Vojo Ubiparip trafił do Lecha tej zimy, aby wzmocnić siłę ofensywną drużyny mistrza Polski. Serb w meczach sparingowych zdobył już dwie bramki, jednak w meczach o stawkę pod tym względem zawodzi.
Czołowi w ostatnich sezonach napastnicy „Kolejorza” szybko udowadniali swoją przydatność dla drużyny i już w pierwszych meczach trafiali do siatki rywali. Tak było w przypadku Roberta Lewandowskiego oraz Artjomsa Rudnevsa.

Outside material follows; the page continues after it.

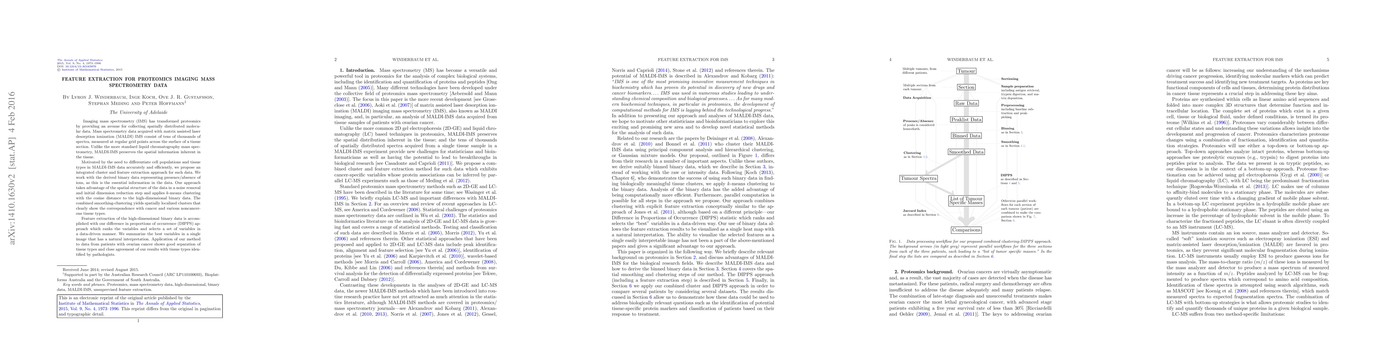 This paper proposes an integrated clustering and feature extraction method for MALDI-IMS data to differentiate tissue types in proteomics. The approach uses spatial structure for noise reduction and applies $k$-means clustering, followed by a DIPPS feature extraction method to identify significant variables, demonstrating effective tissue type separation in ovarian cancer data.

Inny los spotkał choćby Krzysztofa Chrapka, czy Joela Tshibambę. Pierwszy, choć w Lech jest już półtora roku, nie zdobył jeszcze dla tej drużyny bramki, drugi dokonał tego dopiero po kilku miesiącach.
Strzelenie bramki w pierwszym oficjalnym meczu w barwach Lecha sukcesu nie gwarantuje. Artur Wichniarek powrócił latem ubiegłego roku na Bułgarską, a kilkadziesiąt dni później zdobył bramkę w meczu eliminacji Ligi Mistrzów. Kariery jednak nie zrobił, ponieważ było to jego jedyne trafienie dla podopiecznych, wtedy jeszcze Jacka Zielińskiego i 33-letni piłkarz pożegnał się z drużyny mistrza Polski.
Ubiparip do tej pory nie zdobył bramki, choć kilka razy pokazał się z dobrej strony i był bliski pokonania bramkarza rywala. Jednak im dłużej będzie trwałą jego nieskuteczność, tym większa presja ze strony kibiców. A to dobrze „Ibupromowi” nie wróży.